(AVAILABLE DATA begins)
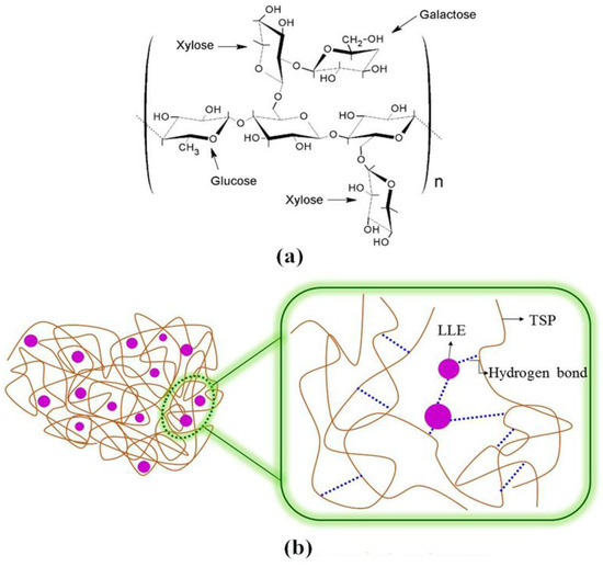 Structure of tamarind seed polysaccharide (TSP) (a) and schematic diagram of the TSP film after litmus lichen extract (LLE) addition (b).
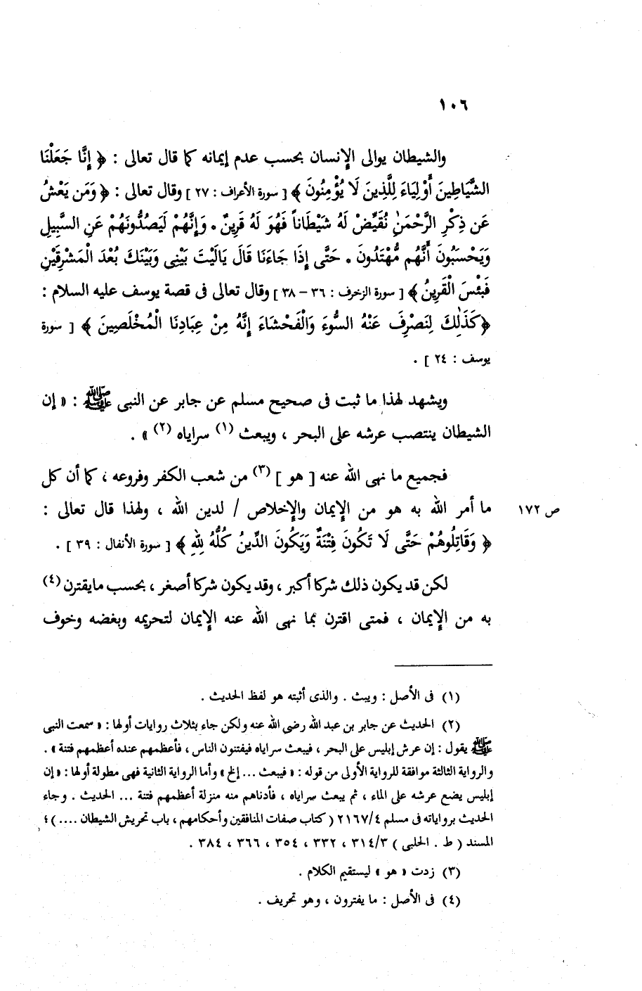 والشيطان يوالي الإنسان بحسب عدم إيمانه كما قال تعالى: {إِنَّا جَعَلْنَا الشَّيَاطِينَ أَوْلِيَاءَ لِلَّذِينَ لا يُؤْمِنُونَ} وقال تعالى: {وَمَنْ يَعْشُ عَنْ ذِكْرِ الرَّحْمَنِ نُقَيِّضْ لَهُ شَيْطَاناً فَهُوَ لَهُ قَرِينٌ. وَإِنَّهُمْ لَيَصُدُّونَهُمْ عَنِ السَّبِيلِ وَيَحْسَبُونَ أَنَّهُمْ مُهْتَدُونَ. حَتَّى إِذَا جَاءَنَا قَالَ يَا لَيْتَ بَيْنِي وَبَيْنَكَ بُعْدَ الْمَشْرِقَيْنِ فَبِئْسَ الْقَرِينُ} وقال تعالى: في قصة يوسف عليه السلام {كَذَلِكَ لِنَصْرِفَ عَنْهُ السُّوءَ وَالْفَحْشَاءَ إِنَّهُ مِنْ عِبَادِنَا الْمُخْلَصِينَ}
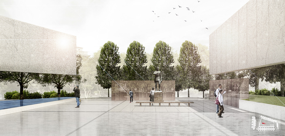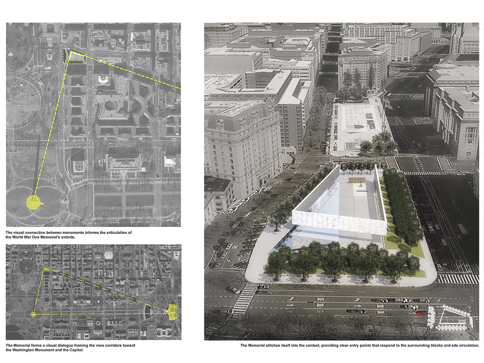The National World War One Memorial won the People’s Choice Award. The fourth side of the Memorial is anchored by the existing Pershing Memorial, and is preserved in its current location as part of the overall composition, according to the entry.
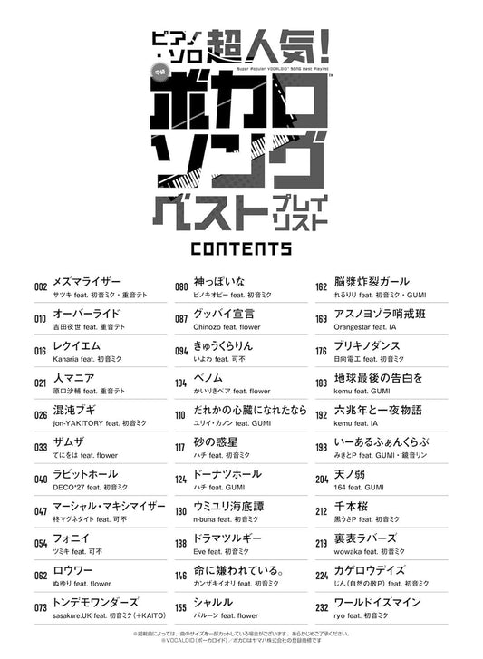 Super Popular! Vocaloid Songs Best Playlist: Piano Solo(Intermediate) Sheet Music Book
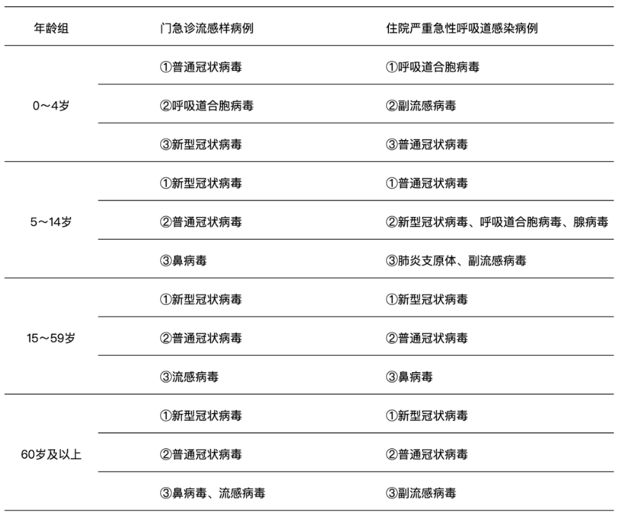 - 住院严重急性呼吸道感染病例呼吸道样本检测阳性率前三位病原体为呼吸道合胞病毒(6.2%)、普通冠状病毒(4.4%)、新型冠状病毒(4.3%)
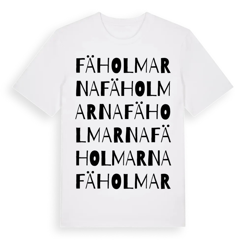 Fäholmarna ordlek t-shirt är inspirerad av Fäholmarna i Hallands län, Sverige. Tröjan är designad för dig som har en speciell koppling till platsen – oavsett om du bor här, har rötterna här eller bara älskar Fäholmarna.
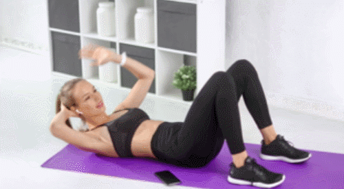 매트에 눕고, 무릎을 세우면서 발을 바닥에 고정합니다. 그리고 손을 머리 옆으로 옮기세요. 그런 다음 상체를 일으키면서 왼팔을 오른쪽 무릎 방향으로 뻗어주세요. 이번에는 상체를 일으키면서 오른팔을 왼쪽 무릎으로 뻗어줍니다. 1분간 반복하세요.
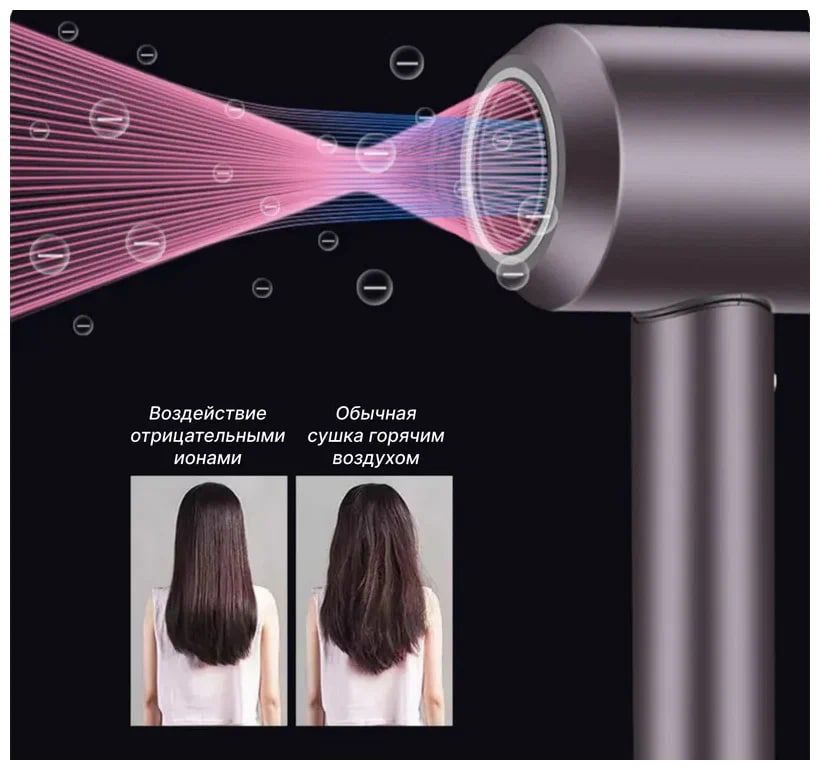 Для идеальной укладки нужно подобрать настройки для своего типа волос. Вы можете выбрать одну из трёх скоростей, а температура варьируется от 28 до 100 градусов. Плюс, есть функция ионизации, которая убирает статику, и волосы не пушатся.
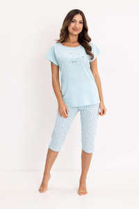 Pijama de señora 735 Regina turquesa - algodón, manga corta, pantalón 3/4, estampado decorativo
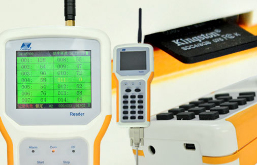 记录接收端和中继器都是手持式设计,跟万用表很像,比万用表多出一个天线。配有USB接口,用线与笔记本电脑连接可以随身携带走着去每个仓库接收、检查、存储数据。移动式记录接收端的避免触碰天线影响其使用性,可选内置天线的型号。
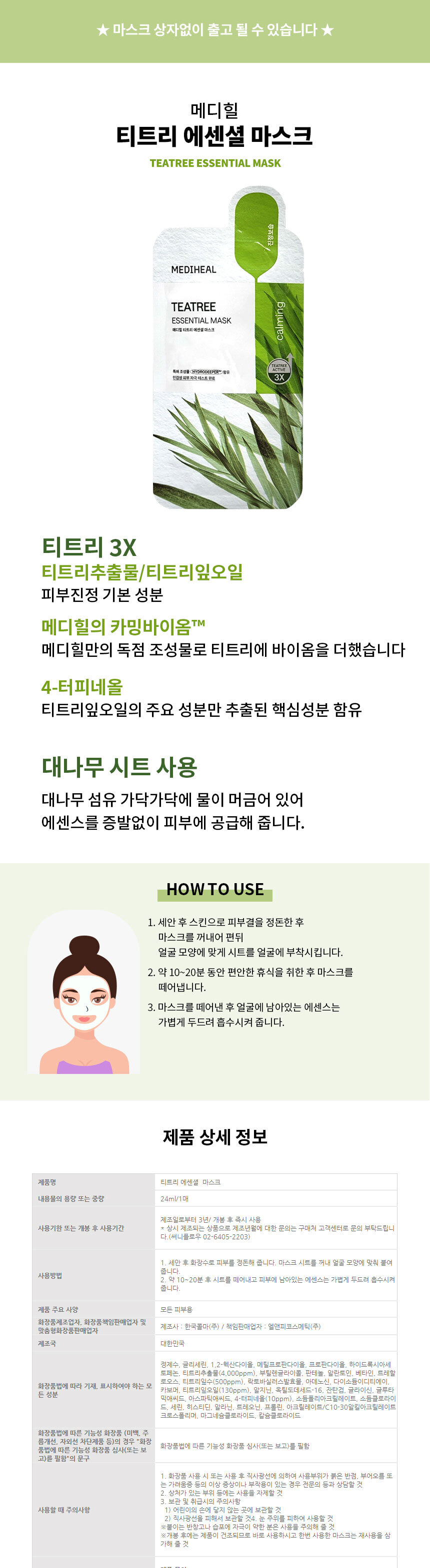 메디힐 티트리 에센셜 마스크 10매 2개 Ss
(AVAILABLE DATA ends)
◆ WORK ITEM
If the records contain pictures, skip them, and transcribe exactly every line from the one with "Pijama de señora" through the last line.

◆ ANSWER BOX
 Pijama de señora 735 Regina turquesa - algodón, manga corta, pantalón 3/4, estampado decorativo
 记录接收端和中继器都是手持式设计,跟万用表很像,比万用表多出一个天线。配有USB接口,用线与笔记本电脑连接可以随身携带走着去每个仓库接收、检查、存储数据。移动式记录接收端的避免触碰天线影响其使用性,可选内置天线的型号。
 메디힐 티트리 에센셜 마스크 10매 2개 Ss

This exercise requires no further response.